I work in the online space, and I love it. As cliché as this may sound it's true. I may not love it every single day, but I love it enough. That's because the Internet has the potential to literally determine how competitive a country can be in the global arena, based on how well it embraces the possibilities that it presents.
Of particular interest to me is how start-ups and other technology-focused companies can make a contribution not only to economic growth, but to socially transform the communities around them.
But before we can truly see our communities transform, our government needs to take the tech industry seriously.
In South Africa we have really high Internet costs, and it's no secret that Telkom's reluctance to unbundle the local loop is driven by the parastatal's desire to maximise profits. Because of this reality, the average South African has limited access to the Internet; this then implies that the ability to share information is limited. This has an adverse effect on South Africa's competitiveness in the global knowledge economy.

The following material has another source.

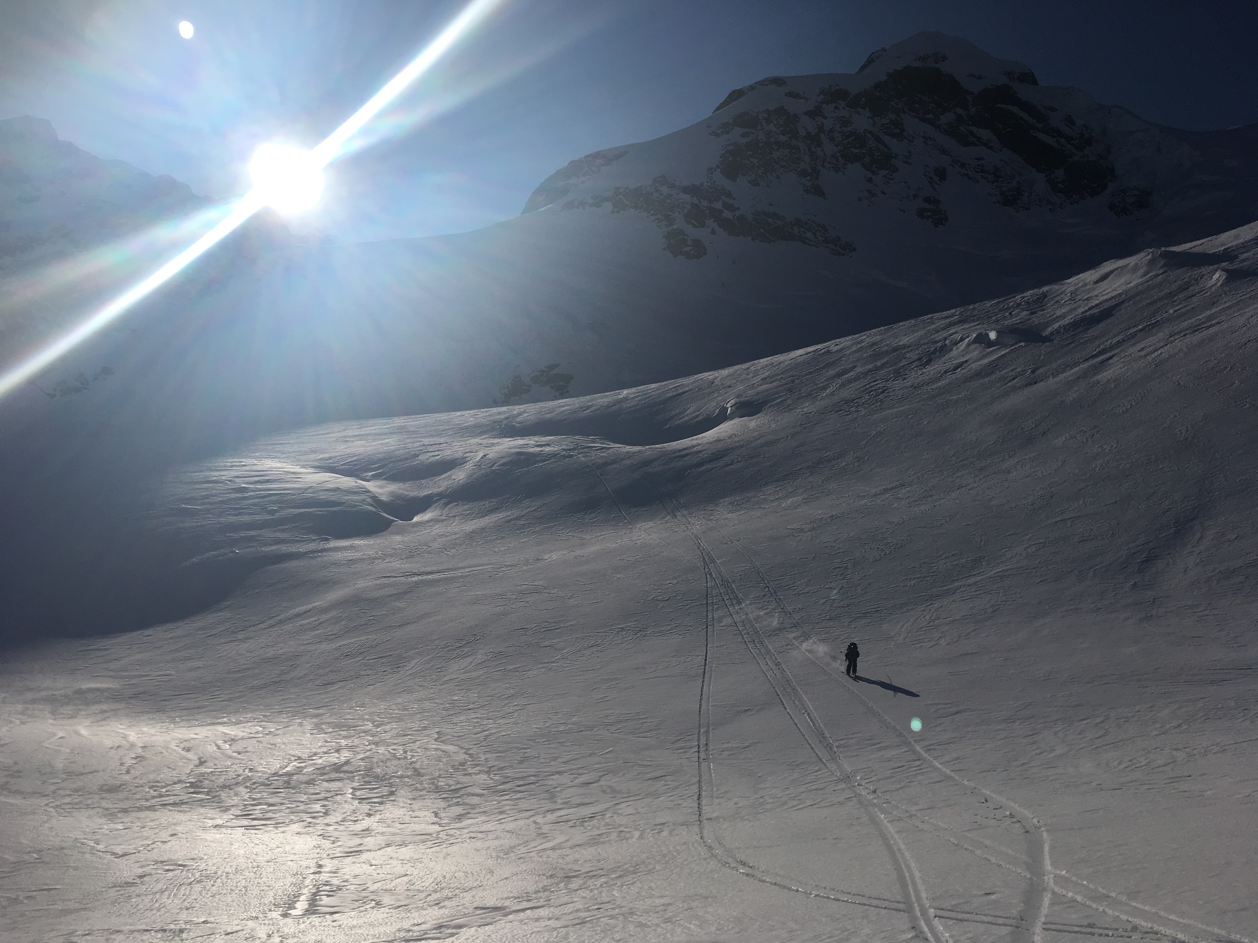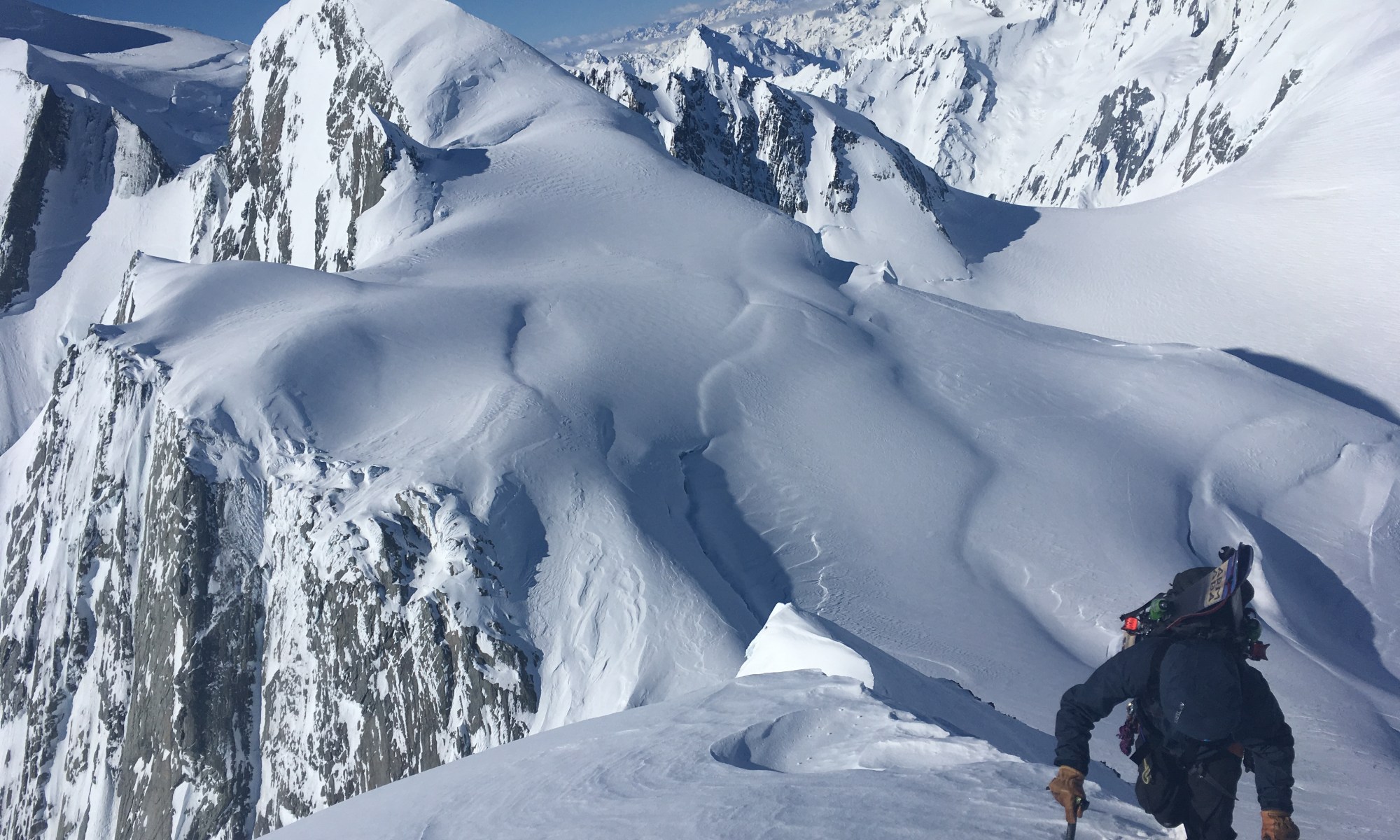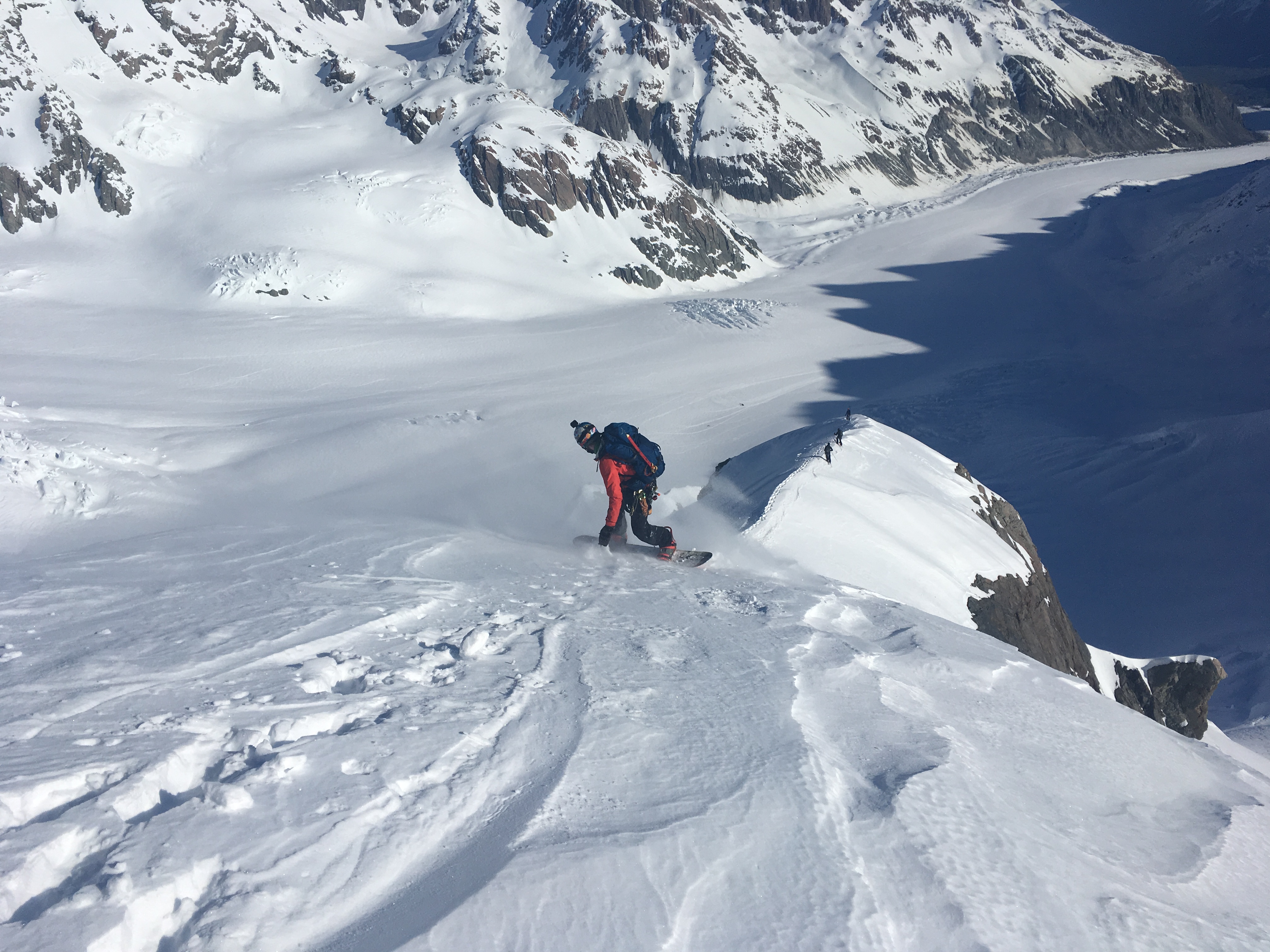 Cruise down the summit ridge to your chosen drop in point. Scope out where the best snow is on the climb to decide where your going to ski. As above, the line is more serious and consequential on the West side of the face. Send the shrund and cruise down to the plateau. From here its a fun ski down the apex of the ridge – its easy ground but tres exposed.

A lot has been said about the need to foster a culture of entrepreneurship is this country and the desperate need to create meaningful jobs. This, I am sorry to say, will always be a pie in the sky if the powers that be do not recognise the importance of information sharing, of which the Internet is a catalyst. We simply need cheaper Internet access if we are to drag the rest of the popuation kicking and screaming into the 21st century.
There are already a few companies that are using their technology to affect social change in South Africa. pMailer
is one of those companies. The Rosebank-based email communications solutions provider is currently running an Education Project
where they give a free pMailer account to schools across South Africa. Each school gets 6000 free email credits per month to communicate with their alumni, parents and other stake holders. Schools get to send out regular communications, completely free of charge.
Broadband prices have started to drop, driven primarily by competition amongst the local mobile operators, but in my opinion these remain relatively out of reach for the vast majority of the population. The day we see these prices drop to affordable rates, is the day we can see technology make a real difference in the communities that surround us, urban and rural.